Task prompt: Write out the entries below exactly, starting at the first line and stopping after the line that contains "Τραγική η εικόνα"; skip all pictures.

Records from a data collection
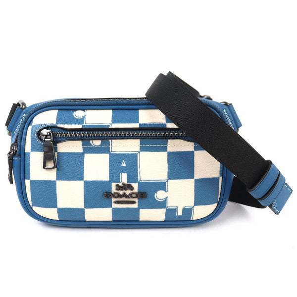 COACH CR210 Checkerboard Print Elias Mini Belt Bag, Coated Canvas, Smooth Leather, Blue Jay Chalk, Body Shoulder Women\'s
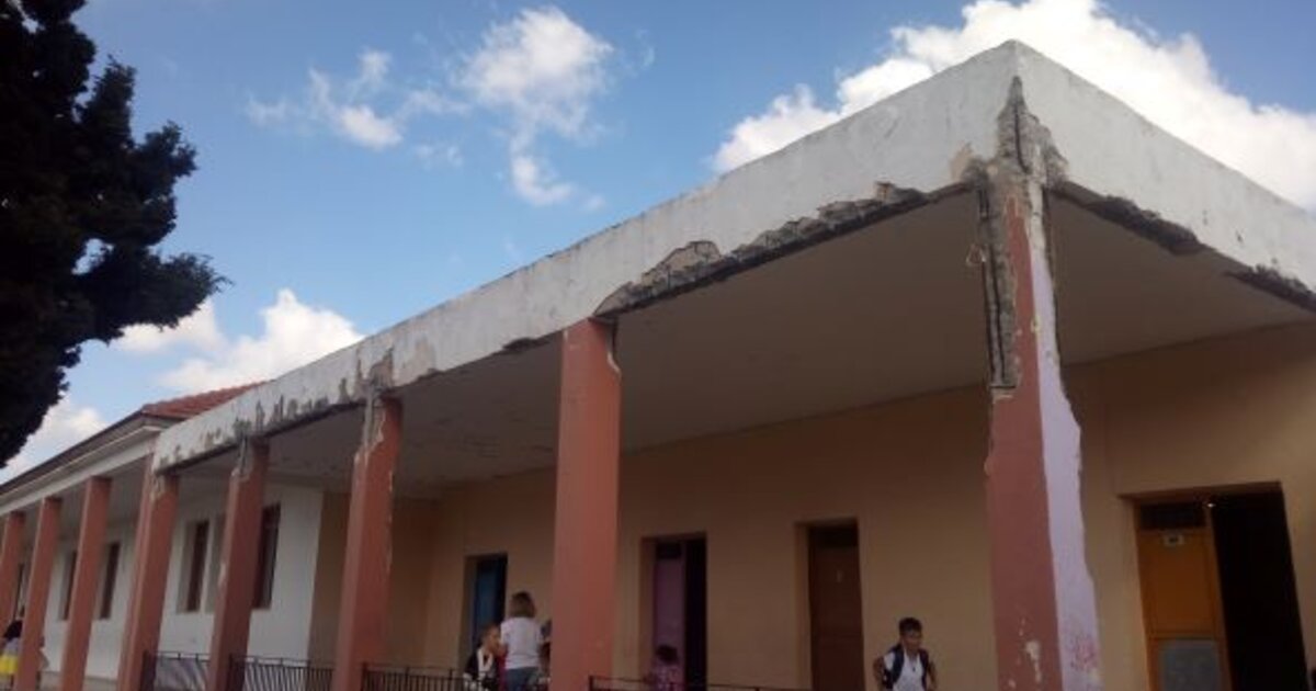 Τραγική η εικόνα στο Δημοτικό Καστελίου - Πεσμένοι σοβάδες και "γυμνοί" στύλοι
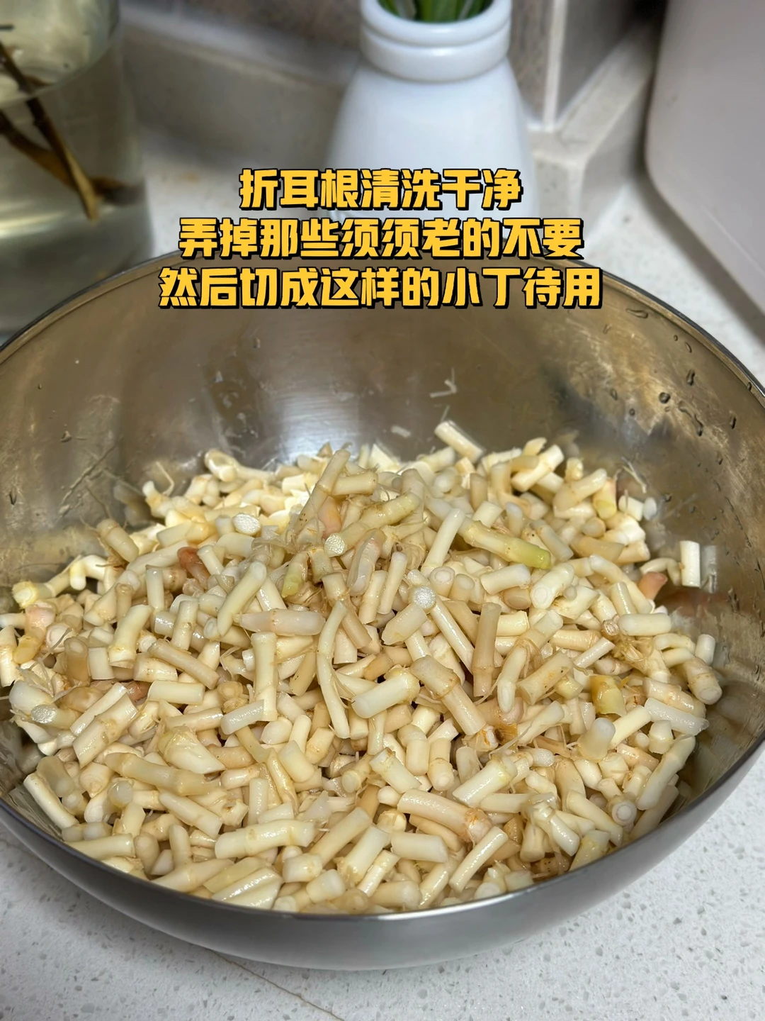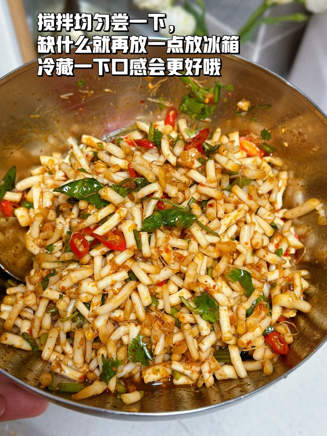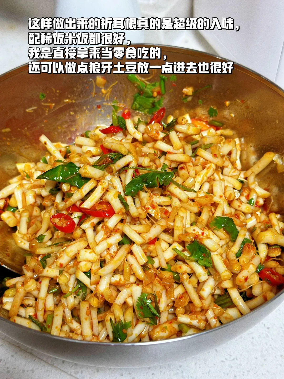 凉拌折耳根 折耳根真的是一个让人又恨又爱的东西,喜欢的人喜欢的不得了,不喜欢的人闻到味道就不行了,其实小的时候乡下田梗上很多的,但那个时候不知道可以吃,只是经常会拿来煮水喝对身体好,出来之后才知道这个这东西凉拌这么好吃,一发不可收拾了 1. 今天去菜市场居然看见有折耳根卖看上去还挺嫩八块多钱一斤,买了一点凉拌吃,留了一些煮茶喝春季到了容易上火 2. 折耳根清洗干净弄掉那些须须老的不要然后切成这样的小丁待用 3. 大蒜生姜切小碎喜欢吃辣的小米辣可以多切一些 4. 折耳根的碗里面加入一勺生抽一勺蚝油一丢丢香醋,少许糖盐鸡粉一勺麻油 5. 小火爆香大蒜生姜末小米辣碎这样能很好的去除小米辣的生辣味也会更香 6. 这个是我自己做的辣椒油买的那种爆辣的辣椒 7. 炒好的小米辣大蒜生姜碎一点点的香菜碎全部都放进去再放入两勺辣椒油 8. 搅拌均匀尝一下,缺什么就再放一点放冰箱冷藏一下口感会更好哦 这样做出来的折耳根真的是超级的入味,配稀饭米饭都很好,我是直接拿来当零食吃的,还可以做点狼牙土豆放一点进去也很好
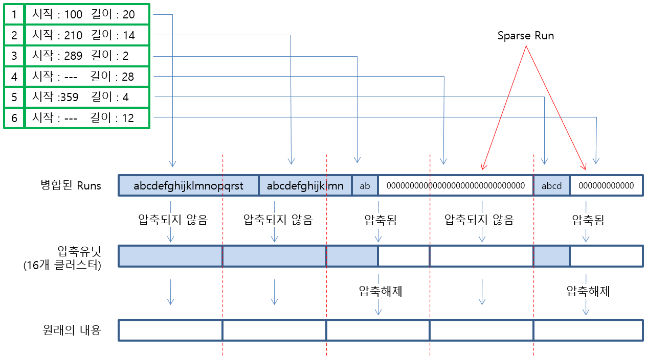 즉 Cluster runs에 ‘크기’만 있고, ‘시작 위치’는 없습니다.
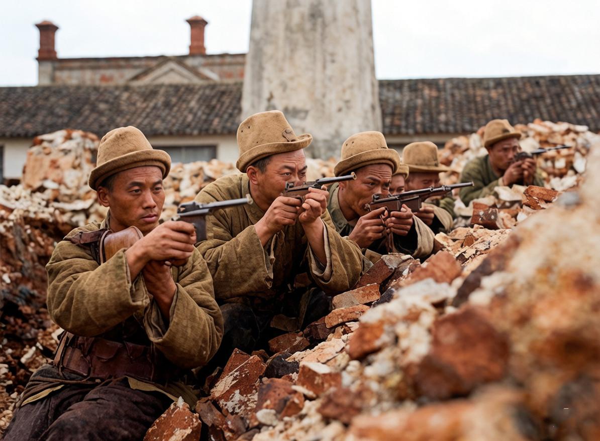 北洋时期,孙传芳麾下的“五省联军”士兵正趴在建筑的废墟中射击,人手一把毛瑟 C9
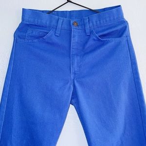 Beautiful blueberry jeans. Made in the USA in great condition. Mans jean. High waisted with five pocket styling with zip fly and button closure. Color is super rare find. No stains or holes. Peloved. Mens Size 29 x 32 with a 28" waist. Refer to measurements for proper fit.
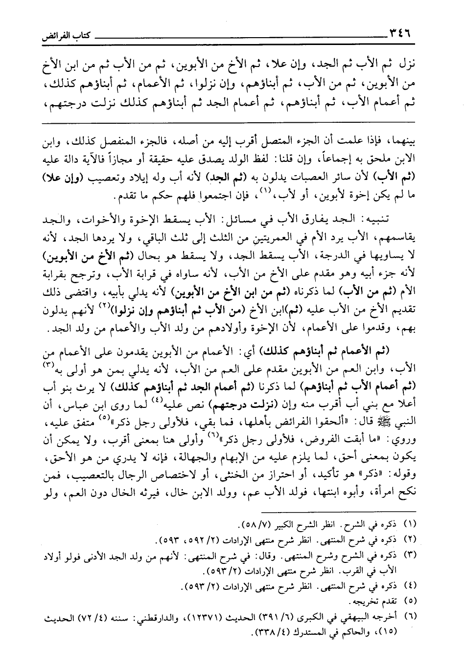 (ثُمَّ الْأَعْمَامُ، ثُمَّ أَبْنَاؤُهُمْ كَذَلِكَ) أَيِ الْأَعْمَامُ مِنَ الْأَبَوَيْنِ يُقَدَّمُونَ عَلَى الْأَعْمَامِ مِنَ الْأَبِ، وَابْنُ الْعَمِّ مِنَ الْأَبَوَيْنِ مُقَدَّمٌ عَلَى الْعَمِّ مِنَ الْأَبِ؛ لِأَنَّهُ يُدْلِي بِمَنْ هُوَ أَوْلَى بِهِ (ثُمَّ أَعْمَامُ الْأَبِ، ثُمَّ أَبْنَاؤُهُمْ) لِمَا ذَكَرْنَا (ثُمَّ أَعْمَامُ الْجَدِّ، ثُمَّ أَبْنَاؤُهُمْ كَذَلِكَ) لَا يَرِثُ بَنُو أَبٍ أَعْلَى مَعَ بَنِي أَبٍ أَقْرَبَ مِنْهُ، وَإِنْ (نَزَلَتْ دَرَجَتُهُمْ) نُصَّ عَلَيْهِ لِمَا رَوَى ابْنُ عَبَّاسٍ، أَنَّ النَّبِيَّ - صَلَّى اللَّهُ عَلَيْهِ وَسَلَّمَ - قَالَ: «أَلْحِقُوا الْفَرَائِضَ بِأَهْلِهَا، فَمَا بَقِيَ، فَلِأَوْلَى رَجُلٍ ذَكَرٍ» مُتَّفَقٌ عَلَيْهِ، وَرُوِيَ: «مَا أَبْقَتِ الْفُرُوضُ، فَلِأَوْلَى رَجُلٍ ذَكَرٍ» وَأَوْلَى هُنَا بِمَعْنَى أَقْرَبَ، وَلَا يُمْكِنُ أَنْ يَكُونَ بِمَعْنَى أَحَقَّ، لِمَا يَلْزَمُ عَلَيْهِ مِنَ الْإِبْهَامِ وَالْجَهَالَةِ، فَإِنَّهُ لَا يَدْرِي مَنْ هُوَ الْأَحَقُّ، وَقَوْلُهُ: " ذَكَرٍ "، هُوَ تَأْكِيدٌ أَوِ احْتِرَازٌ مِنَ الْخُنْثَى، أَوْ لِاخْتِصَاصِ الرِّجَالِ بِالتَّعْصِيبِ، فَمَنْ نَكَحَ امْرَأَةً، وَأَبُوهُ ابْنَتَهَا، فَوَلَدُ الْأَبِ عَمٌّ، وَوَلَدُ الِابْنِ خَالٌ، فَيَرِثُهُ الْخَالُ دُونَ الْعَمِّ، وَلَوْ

Completed task:
 COACH CR210 Checkerboard Print Elias Mini Belt Bag, Coated Canvas, Smooth Leather, Blue Jay Chalk, Body Shoulder Women\'s
 Τραγική η εικόνα στο Δημοτικό Καστελίου - Πεσμένοι σοβάδες και "γυμνοί" στύλοι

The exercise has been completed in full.